_Work to complete_
Output, word for word, the line that contains "Comprar Blueendless-caja HDD" and all lines after it in the records below, omitting pictures.

_Input data_
----
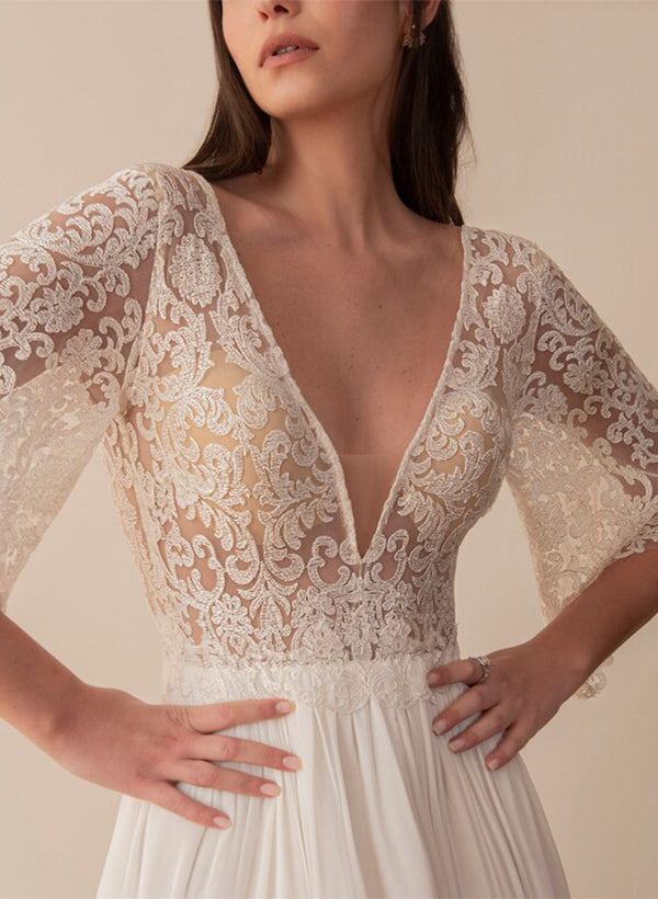 Chic A-line V-neck Sheer Lace Sleeves Tulle Wedding Dresses Appliques Lace
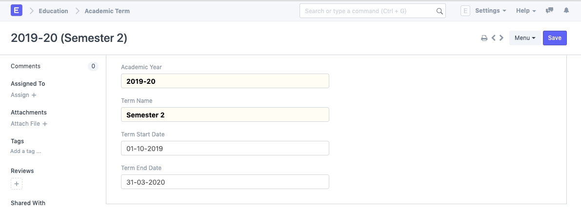 If the Academic Year has been specified in the Education Settings then it will become the default Academic Term in all the forms and will be editable if required.
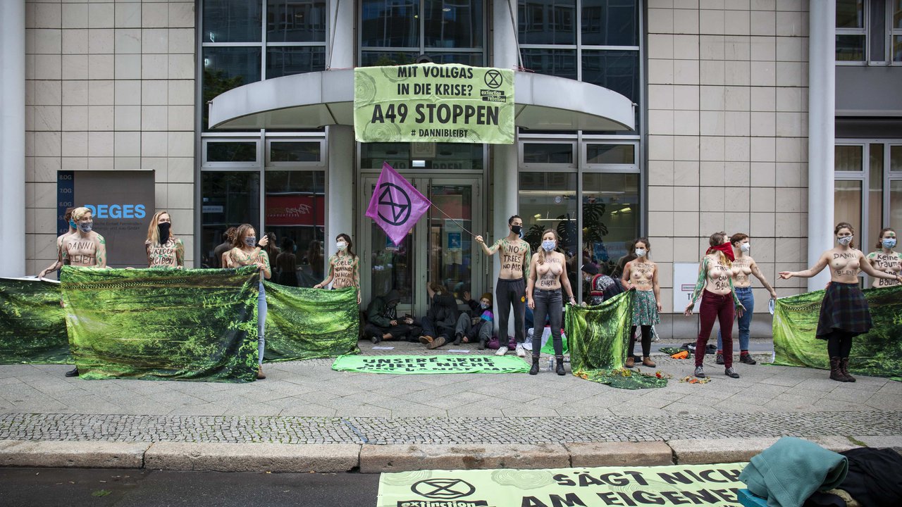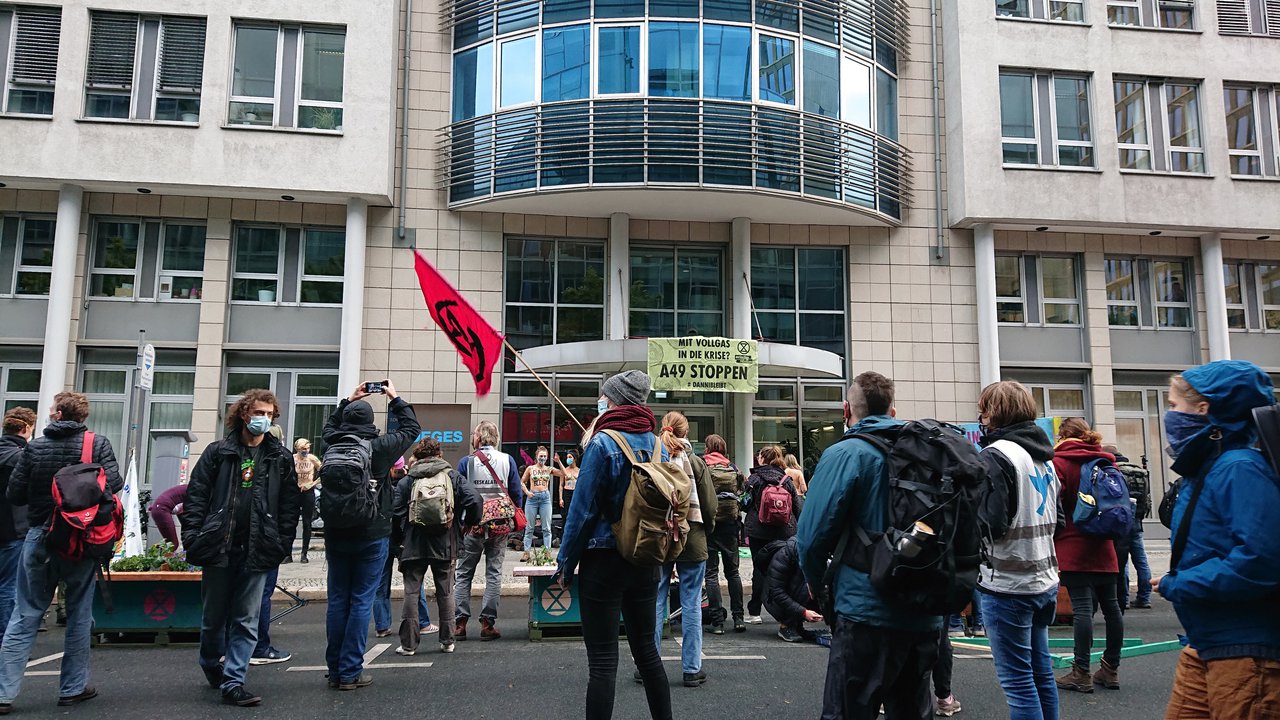 Extinction Rebellion blockiert Gebäude von Autobahnplaner
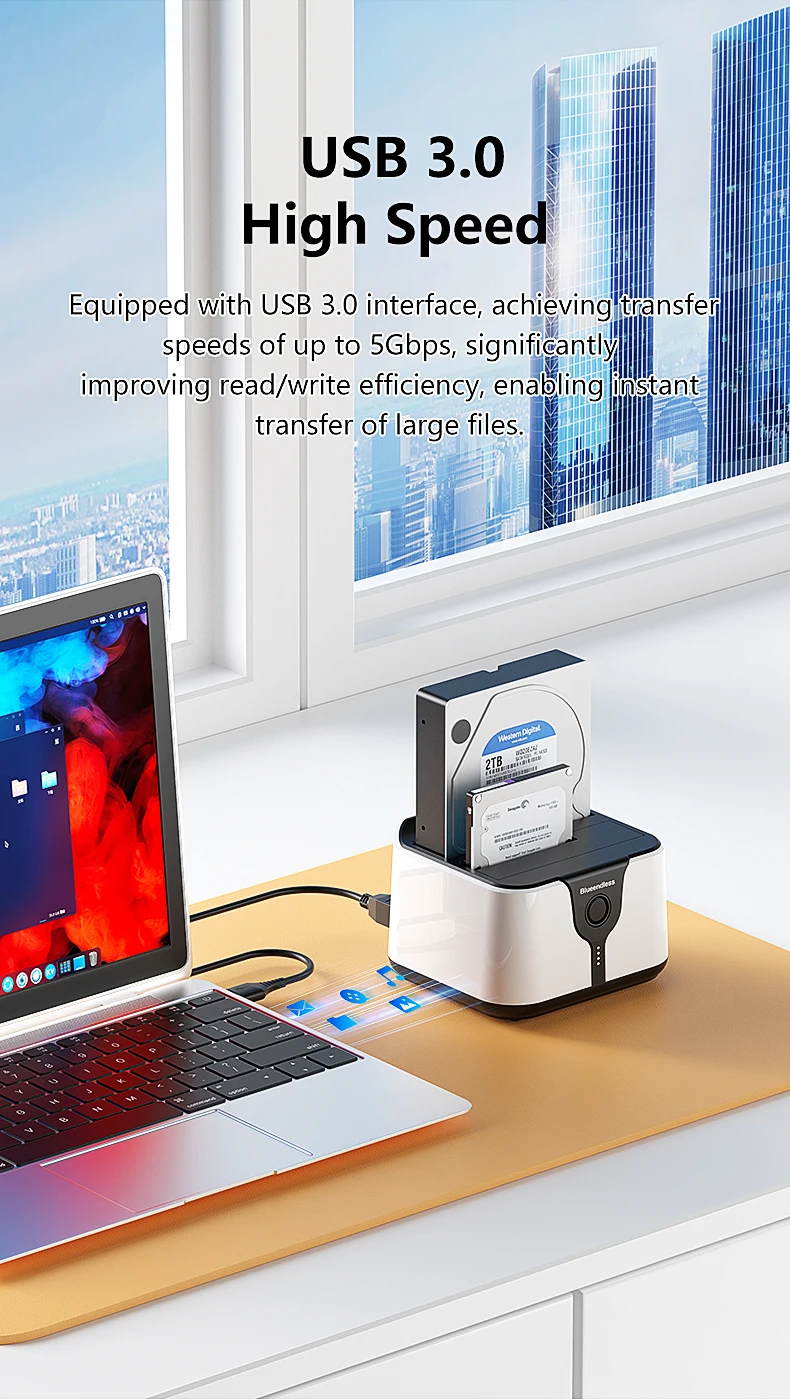 Comprar Blueendless-caja HDD de 2 bahías, estación de acoplamiento HDD, carcasa SSD, clon fuera de línea de doble bahía, adaptador SATA a USB 3,0 para disco SSD 2,5 3,5
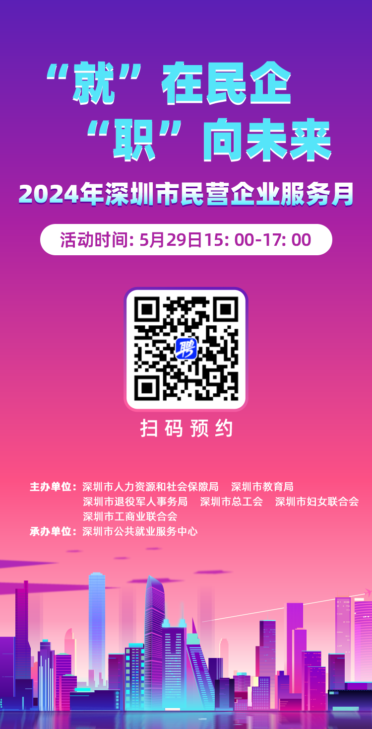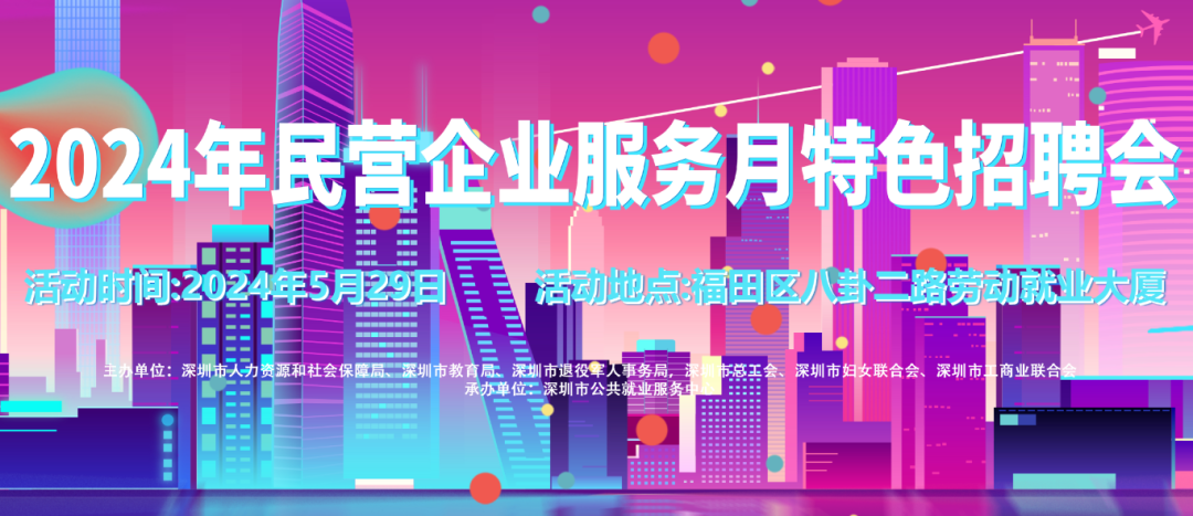 5月29日(周三)9:00-12:00,在福田区八卦二路劳动就业大厦二楼招聘大厅,由深圳市人力资源和社会保障局主办、深圳市公共就业服务中心承办的“2024年民营企业服务月特色招聘会”明日又上新一场线下招聘活动。
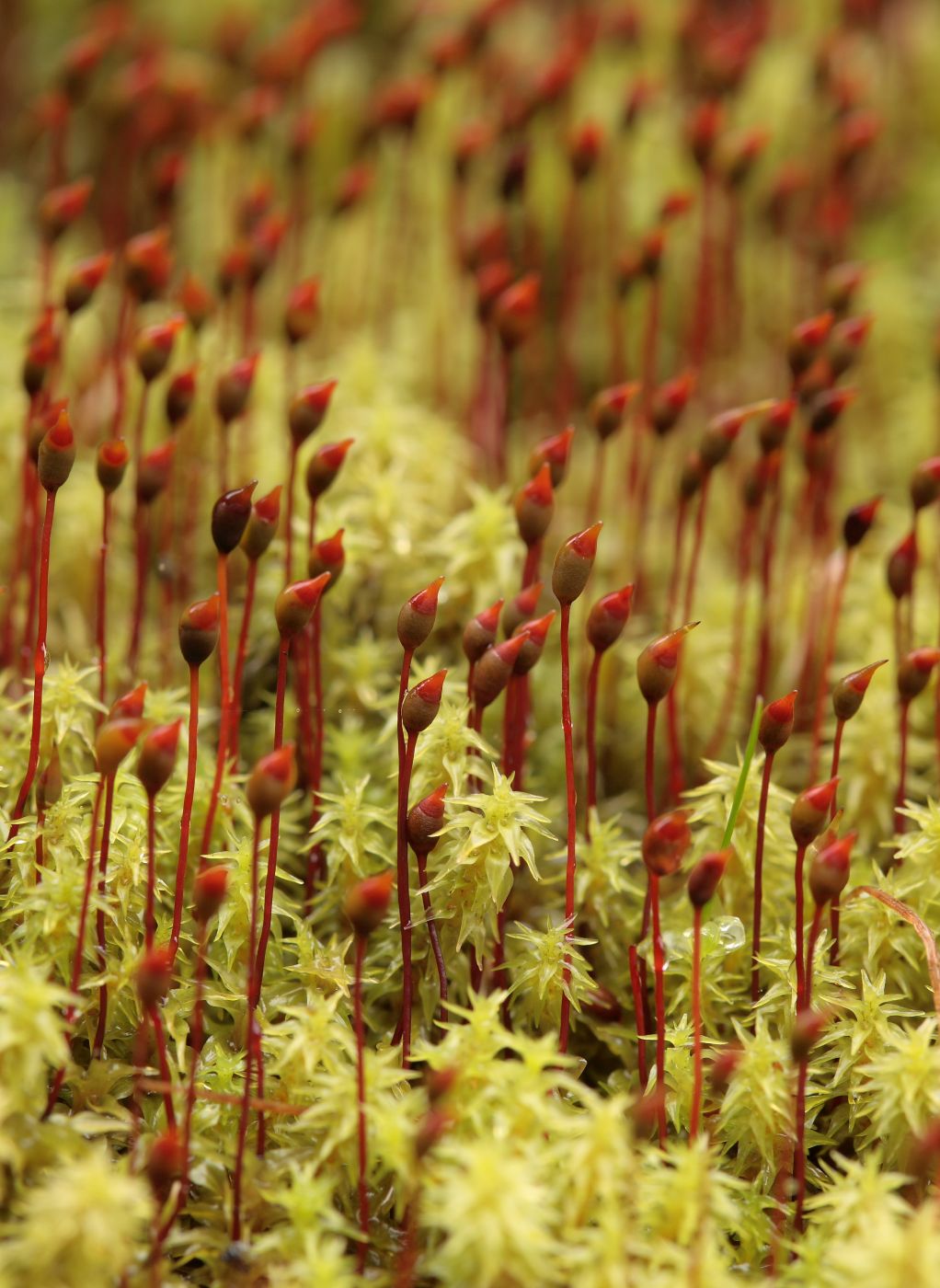 Že mechy nemusí být vždy jen zelené, dokazuje např. rašeliník ostrolistý (Sphagnum capillifolium)
----
_Solved problem_
 Comprar Blueendless-caja HDD de 2 bahías, estación de acoplamiento HDD, carcasa SSD, clon fuera de línea de doble bahía, adaptador SATA a USB 3,0 para disco SSD 2,5 3,5
 5月29日(周三)9:00-12:00,在福田区八卦二路劳动就业大厦二楼招聘大厅,由深圳市人力资源和社会保障局主办、深圳市公共就业服务中心承办的“2024年民营企业服务月特色招聘会”明日又上新一场线下招聘活动。
 Že mechy nemusí být vždy jen zelené, dokazuje např. rašeliník ostrolistý (Sphagnum capillifolium)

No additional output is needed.